Final answer:
To sort the expressions given that x is negative, we simplify where possible and compare the positive constants. We do not change the relative order by multiplying by x, so we sort the constants 6√3, 12.25, 9.8, and 11.4, and list 57x/5, 6x√3 (or x√75), 9.8x, and x(3.5)² accordingly from greatest to least.
Step-by-step explanation:
The question involves ordering the given expressions containing a variable x when x is a negative real number. The expressions are: 6x√3, x(3.5)², x√75, 9.8x, and 57x/5. Since x is negative, multiplying by x will not change the relative order since multiplication rules for the sign tell us that the product of two negative numbers is positive.
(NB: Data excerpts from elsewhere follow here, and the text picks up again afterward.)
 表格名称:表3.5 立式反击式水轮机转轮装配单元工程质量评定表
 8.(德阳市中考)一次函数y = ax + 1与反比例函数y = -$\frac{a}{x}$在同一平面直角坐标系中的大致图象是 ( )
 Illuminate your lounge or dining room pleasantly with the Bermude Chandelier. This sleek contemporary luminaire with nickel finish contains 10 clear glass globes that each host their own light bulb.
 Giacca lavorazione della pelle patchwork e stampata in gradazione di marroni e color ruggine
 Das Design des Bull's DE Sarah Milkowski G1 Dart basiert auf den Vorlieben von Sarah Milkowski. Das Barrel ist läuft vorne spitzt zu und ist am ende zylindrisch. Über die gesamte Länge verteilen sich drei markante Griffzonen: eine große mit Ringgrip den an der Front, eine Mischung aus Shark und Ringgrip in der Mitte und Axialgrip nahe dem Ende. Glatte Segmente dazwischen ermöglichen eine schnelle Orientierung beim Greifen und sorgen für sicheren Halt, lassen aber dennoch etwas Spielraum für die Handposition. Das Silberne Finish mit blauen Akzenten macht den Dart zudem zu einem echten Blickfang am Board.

However, we need to compare the positive constants to list these expressions from greatest to least. We can simplify some expressions further: (3.5)² becomes 12.25, and √75 simplifies to 5√3. Once simplified, we can clearly see 6x√3 and x√75 are equivalent. We essentially sort the constants 12.25, 9.8, and 11.4 (from 57/5) along with 6√3 to determine the order when multiplied by a negative x.
To sort the expressions from greatest to least considering a negative x value: 57x/5, 6x√3 (or x√75), 9.8x, x(3.5)².